[Aim of the task]
Exercise in exact copying: restate word for word only the lines below from the one containing "Нарезаем крупными кусочками" through the one containing "В горната част", omitting any pictures.

(Source records)
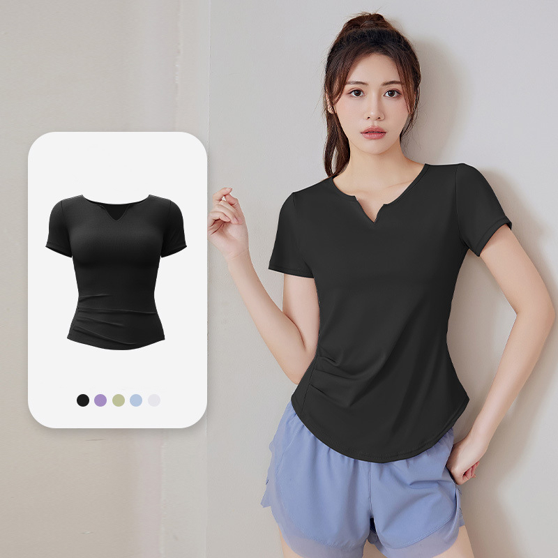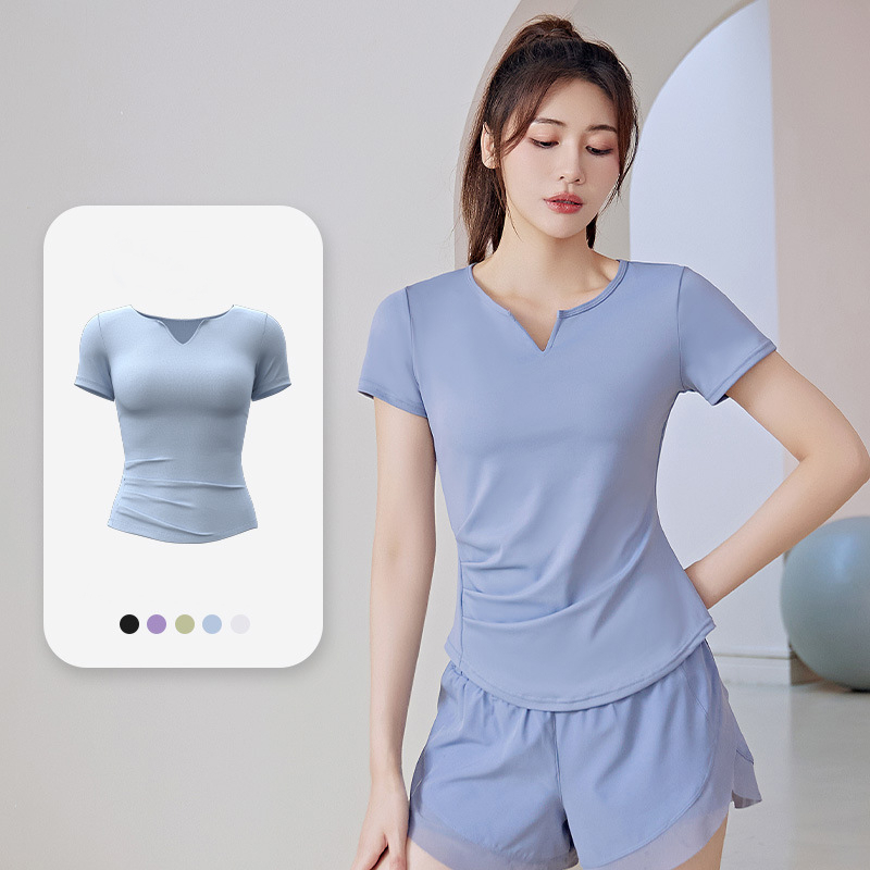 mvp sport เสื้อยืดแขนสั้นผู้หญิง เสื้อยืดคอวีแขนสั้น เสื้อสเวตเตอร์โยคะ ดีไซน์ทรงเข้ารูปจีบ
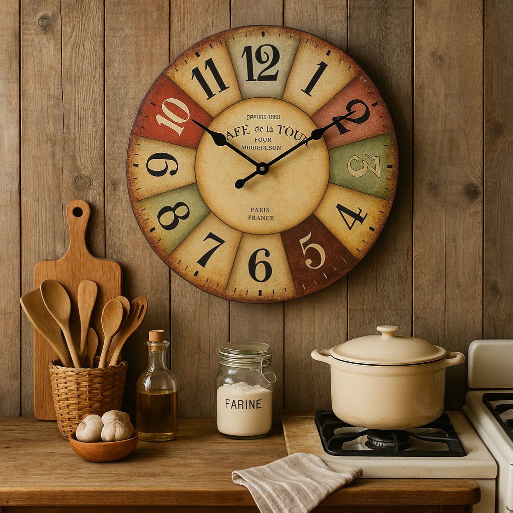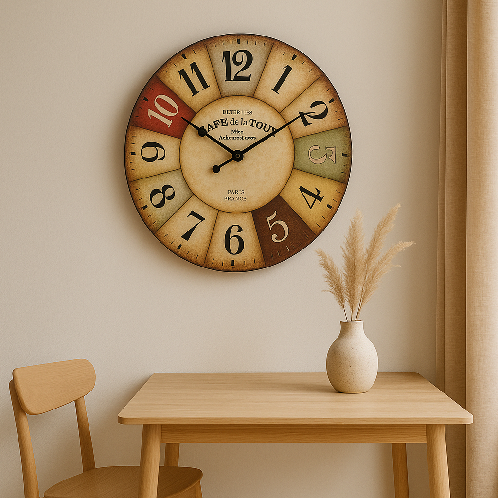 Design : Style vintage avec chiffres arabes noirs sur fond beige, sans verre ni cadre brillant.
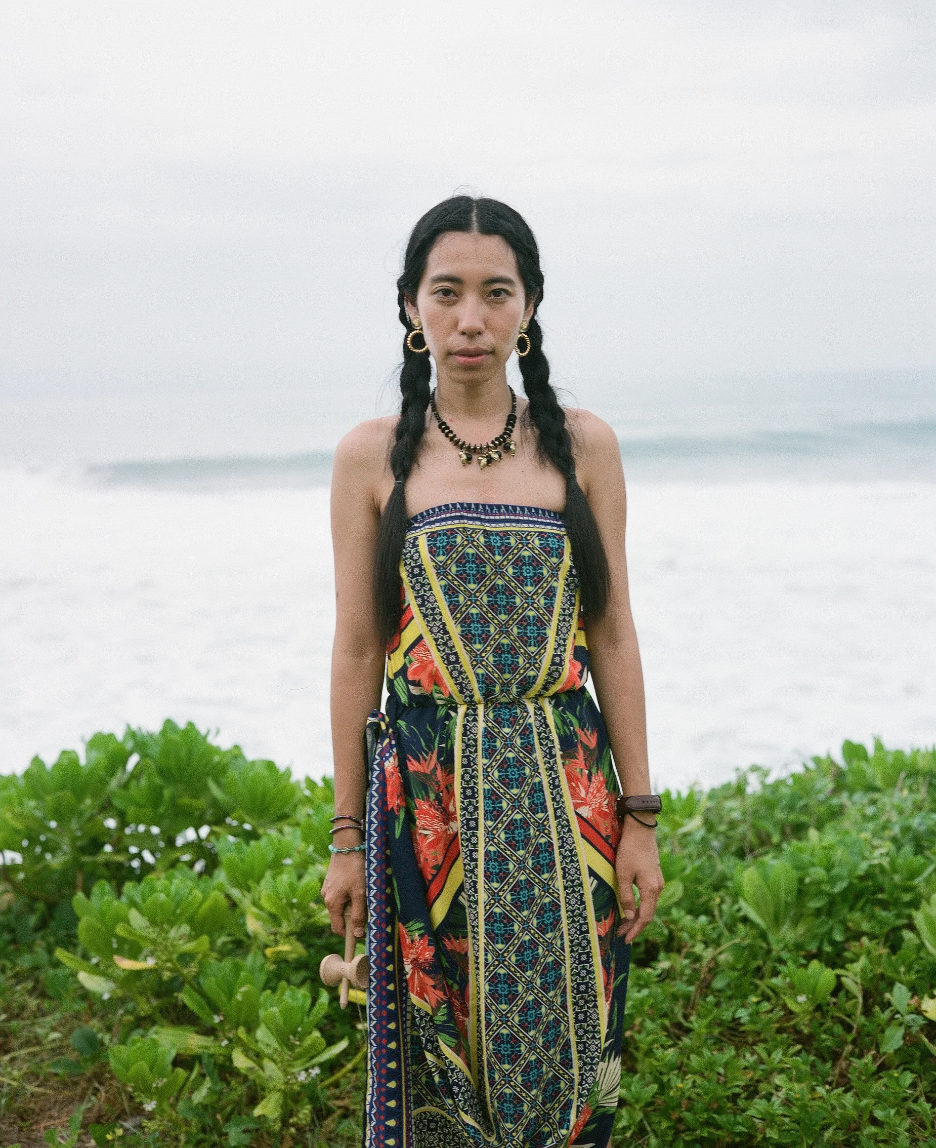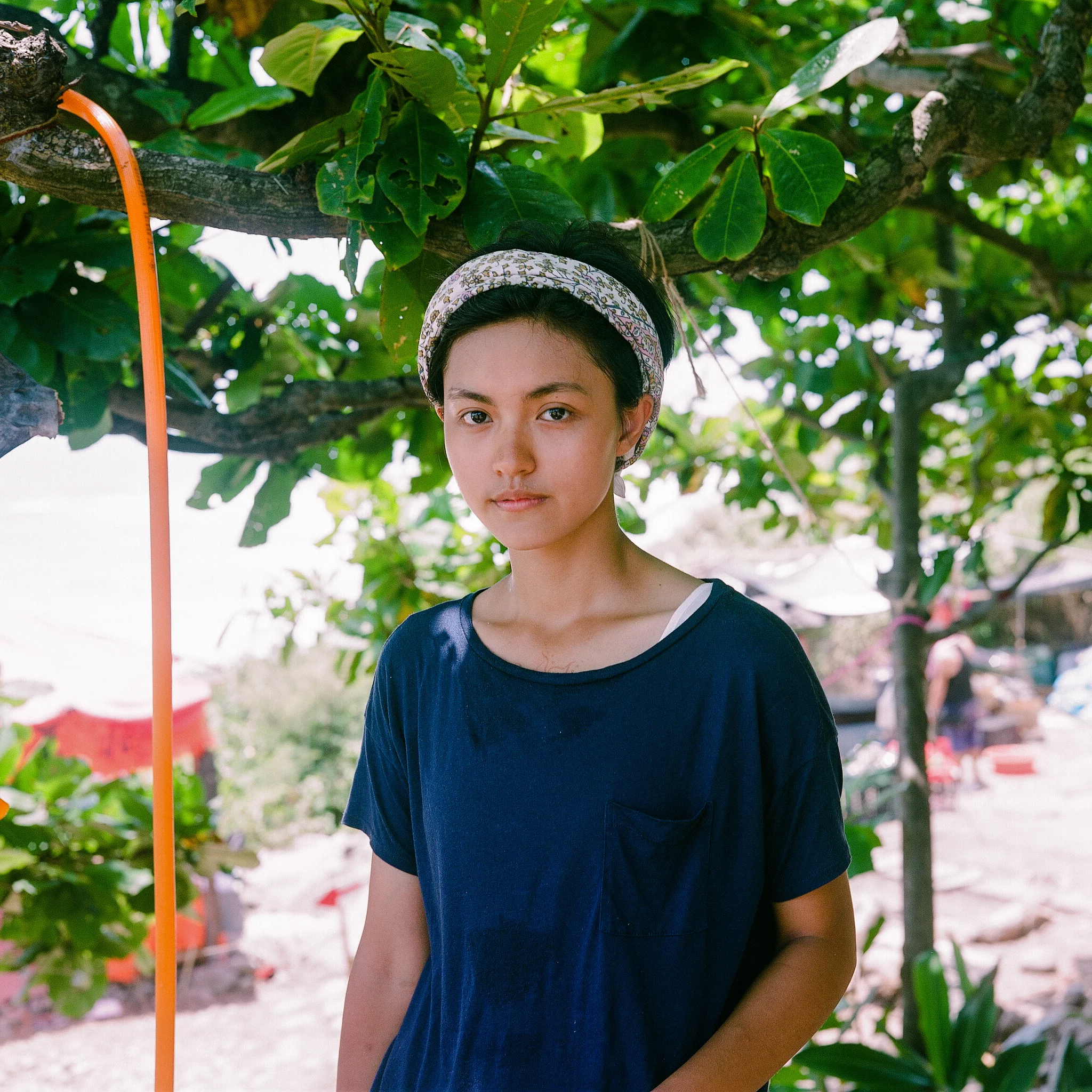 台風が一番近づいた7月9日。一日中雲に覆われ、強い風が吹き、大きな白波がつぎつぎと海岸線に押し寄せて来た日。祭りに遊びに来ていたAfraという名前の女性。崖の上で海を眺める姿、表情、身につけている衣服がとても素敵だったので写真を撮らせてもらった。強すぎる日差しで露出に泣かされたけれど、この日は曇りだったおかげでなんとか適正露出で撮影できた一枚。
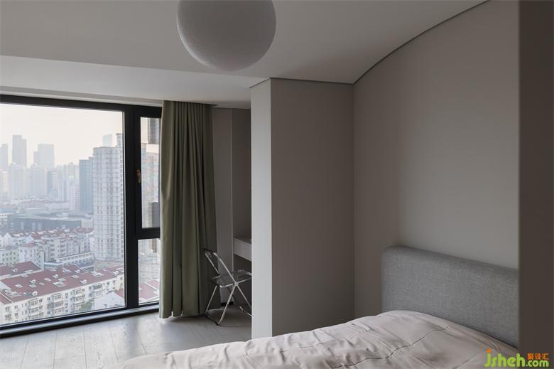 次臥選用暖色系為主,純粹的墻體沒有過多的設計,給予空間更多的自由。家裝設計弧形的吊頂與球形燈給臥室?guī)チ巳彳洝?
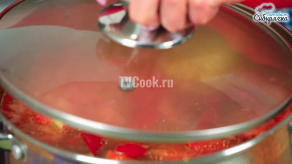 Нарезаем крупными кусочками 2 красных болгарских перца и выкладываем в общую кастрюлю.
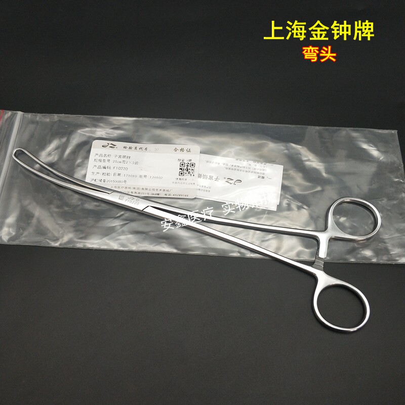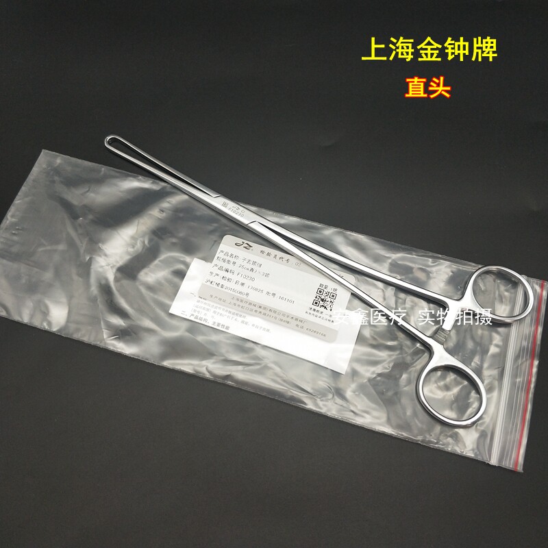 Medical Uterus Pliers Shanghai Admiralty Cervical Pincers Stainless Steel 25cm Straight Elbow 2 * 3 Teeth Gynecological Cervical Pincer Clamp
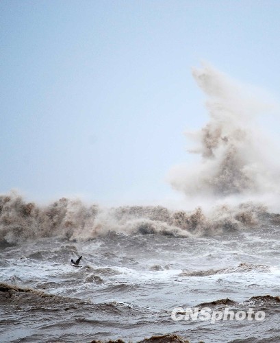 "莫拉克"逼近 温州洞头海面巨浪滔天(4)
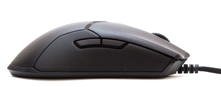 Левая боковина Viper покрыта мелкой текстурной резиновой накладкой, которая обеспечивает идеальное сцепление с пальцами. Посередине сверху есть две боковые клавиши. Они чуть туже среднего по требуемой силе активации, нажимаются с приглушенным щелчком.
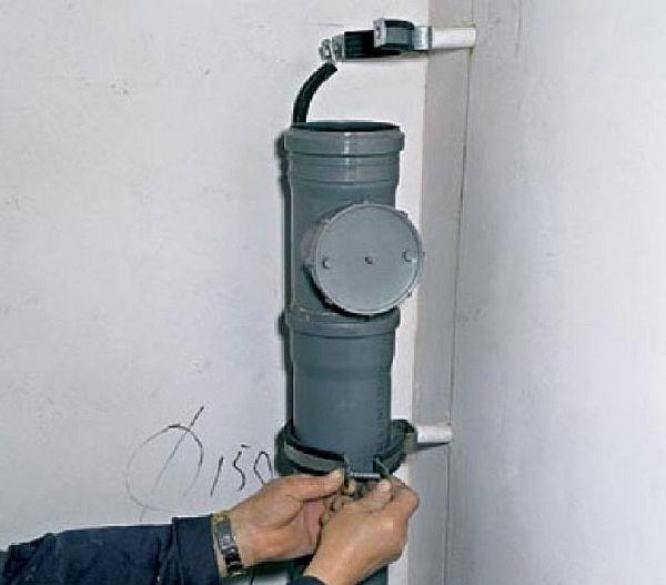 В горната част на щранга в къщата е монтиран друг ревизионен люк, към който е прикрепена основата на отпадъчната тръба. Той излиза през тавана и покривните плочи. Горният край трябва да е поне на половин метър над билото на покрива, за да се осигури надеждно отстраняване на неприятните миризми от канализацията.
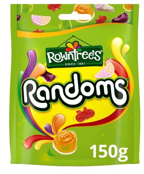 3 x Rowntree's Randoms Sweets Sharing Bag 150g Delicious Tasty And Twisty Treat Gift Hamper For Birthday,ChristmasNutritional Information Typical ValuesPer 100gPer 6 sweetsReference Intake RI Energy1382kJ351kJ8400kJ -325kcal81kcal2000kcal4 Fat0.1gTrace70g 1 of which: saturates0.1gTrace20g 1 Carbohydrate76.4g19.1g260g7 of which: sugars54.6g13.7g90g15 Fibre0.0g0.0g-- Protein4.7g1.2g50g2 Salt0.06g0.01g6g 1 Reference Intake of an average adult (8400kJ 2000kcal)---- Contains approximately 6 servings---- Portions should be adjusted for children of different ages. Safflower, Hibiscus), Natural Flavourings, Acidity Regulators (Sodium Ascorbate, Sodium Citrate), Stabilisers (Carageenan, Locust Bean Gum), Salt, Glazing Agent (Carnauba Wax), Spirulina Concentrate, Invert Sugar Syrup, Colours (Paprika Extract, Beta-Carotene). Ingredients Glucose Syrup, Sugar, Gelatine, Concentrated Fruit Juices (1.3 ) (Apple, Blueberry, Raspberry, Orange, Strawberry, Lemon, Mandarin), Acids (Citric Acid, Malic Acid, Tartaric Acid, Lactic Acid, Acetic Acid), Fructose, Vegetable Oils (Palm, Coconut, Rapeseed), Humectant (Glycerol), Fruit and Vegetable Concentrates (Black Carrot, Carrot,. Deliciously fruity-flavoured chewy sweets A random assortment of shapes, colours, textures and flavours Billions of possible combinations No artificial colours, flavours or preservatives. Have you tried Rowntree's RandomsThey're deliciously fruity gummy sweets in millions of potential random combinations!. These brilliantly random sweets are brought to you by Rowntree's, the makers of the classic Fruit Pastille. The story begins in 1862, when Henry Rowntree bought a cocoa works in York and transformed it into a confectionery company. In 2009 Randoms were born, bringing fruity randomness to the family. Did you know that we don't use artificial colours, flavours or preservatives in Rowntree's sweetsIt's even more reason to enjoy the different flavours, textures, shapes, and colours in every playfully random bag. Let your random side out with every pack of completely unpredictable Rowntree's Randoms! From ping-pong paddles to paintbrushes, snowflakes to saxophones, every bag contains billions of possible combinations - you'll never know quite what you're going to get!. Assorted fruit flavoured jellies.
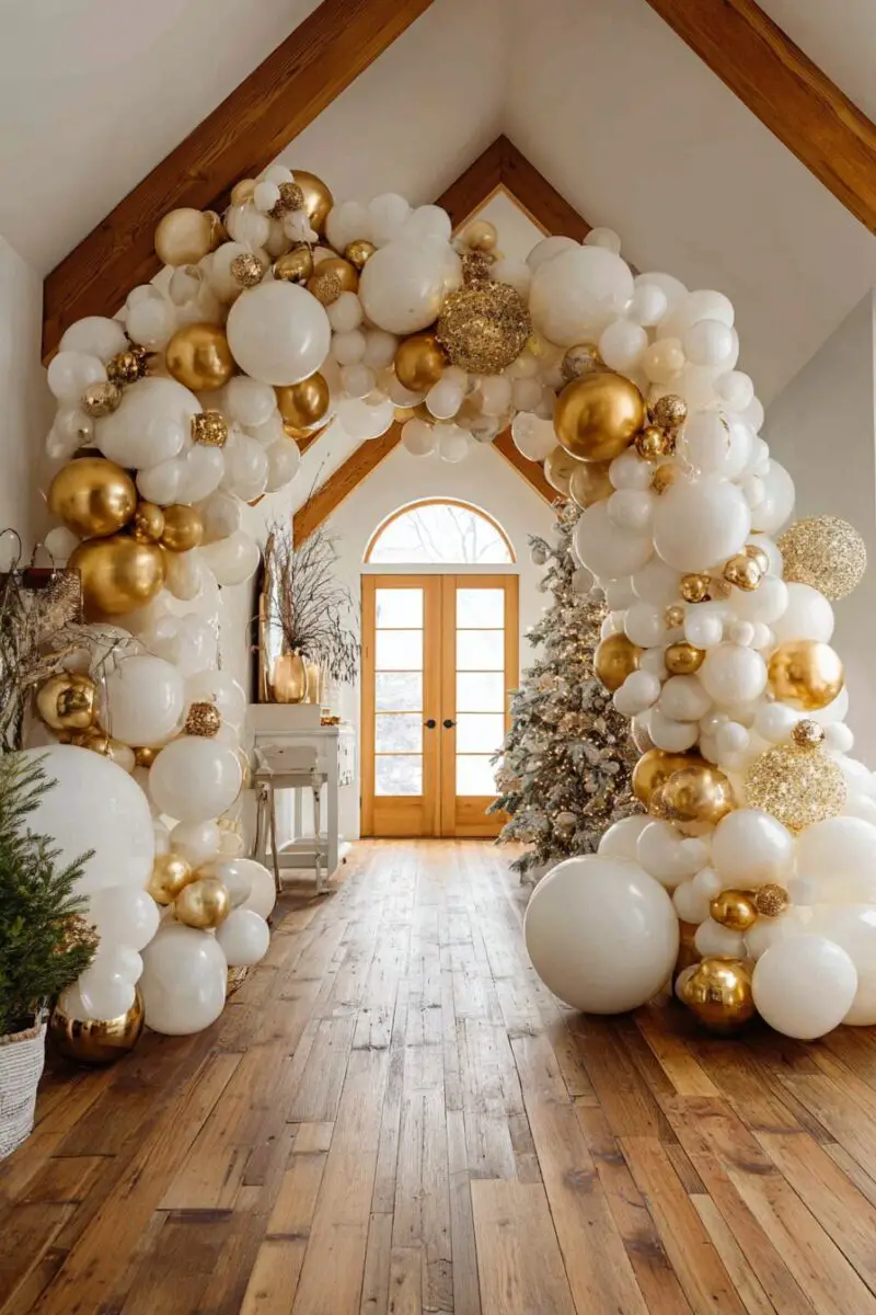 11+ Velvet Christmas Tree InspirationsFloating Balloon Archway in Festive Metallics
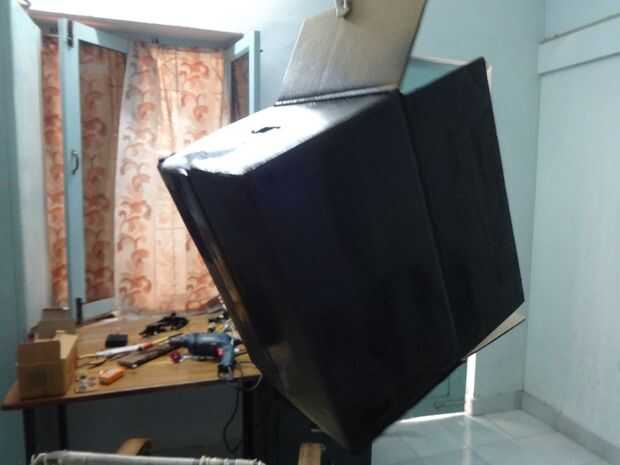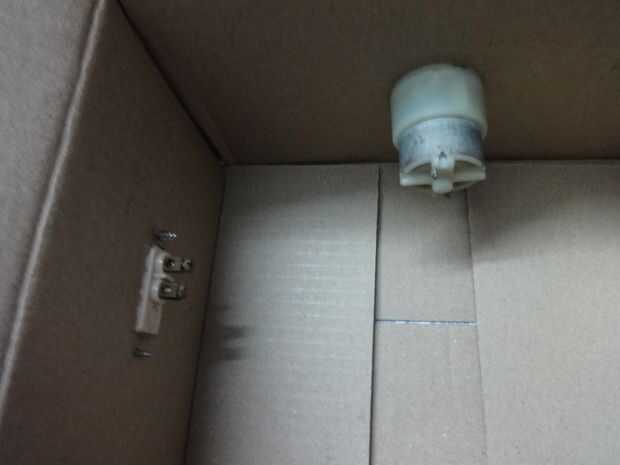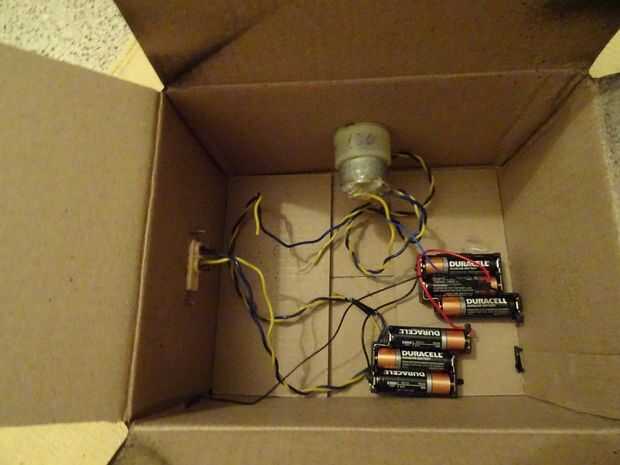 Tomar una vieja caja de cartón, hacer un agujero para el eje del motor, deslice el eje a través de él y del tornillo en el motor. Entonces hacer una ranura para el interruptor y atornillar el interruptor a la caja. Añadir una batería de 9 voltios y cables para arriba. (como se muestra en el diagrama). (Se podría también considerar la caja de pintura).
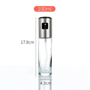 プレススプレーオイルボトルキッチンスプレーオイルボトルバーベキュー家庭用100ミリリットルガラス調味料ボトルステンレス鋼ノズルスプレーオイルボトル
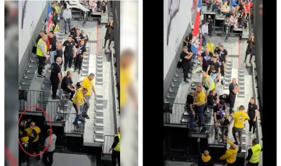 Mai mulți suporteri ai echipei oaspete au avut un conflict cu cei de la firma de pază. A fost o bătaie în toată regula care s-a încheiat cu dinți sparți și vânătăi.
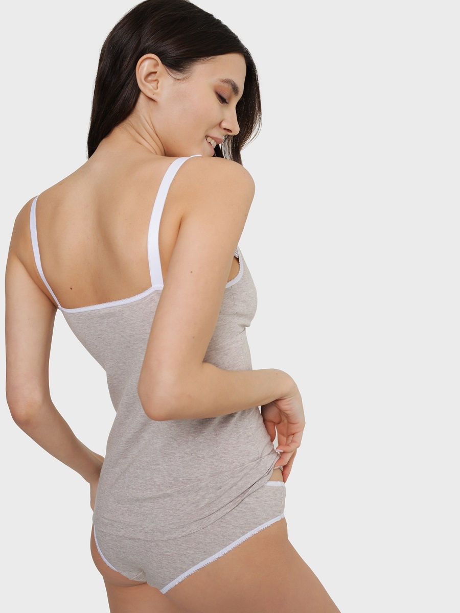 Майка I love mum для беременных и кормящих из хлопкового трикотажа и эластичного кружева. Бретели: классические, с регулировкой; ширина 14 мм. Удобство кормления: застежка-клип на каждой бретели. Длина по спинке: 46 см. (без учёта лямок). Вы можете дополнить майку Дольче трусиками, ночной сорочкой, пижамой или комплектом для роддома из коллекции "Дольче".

[Reply to the task]
 Нарезаем крупными кусочками 2 красных болгарских перца и выкладываем в общую кастрюлю.
 Medical Uterus Pliers Shanghai Admiralty Cervical Pincers Stainless Steel 25cm Straight Elbow 2 * 3 Teeth Gynecological Cervical Pincer Clamp
 "莫拉克"逼近 温州洞头海面巨浪滔天(4)
 Левая боковина Viper покрыта мелкой текстурной резиновой накладкой, которая обеспечивает идеальное сцепление с пальцами. Посередине сверху есть две боковые клавиши. Они чуть туже среднего по требуемой силе активации, нажимаются с приглушенным щелчком.
 В горната част на щранга в къщата е монтиран друг ревизионен люк, към който е прикрепена основата на отпадъчната тръба. Той излиза през тавана и покривните плочи. Горният край трябва да е поне на половин метър над билото на покрива, за да се осигури надеждно отстраняване на неприятните миризми от канализацията.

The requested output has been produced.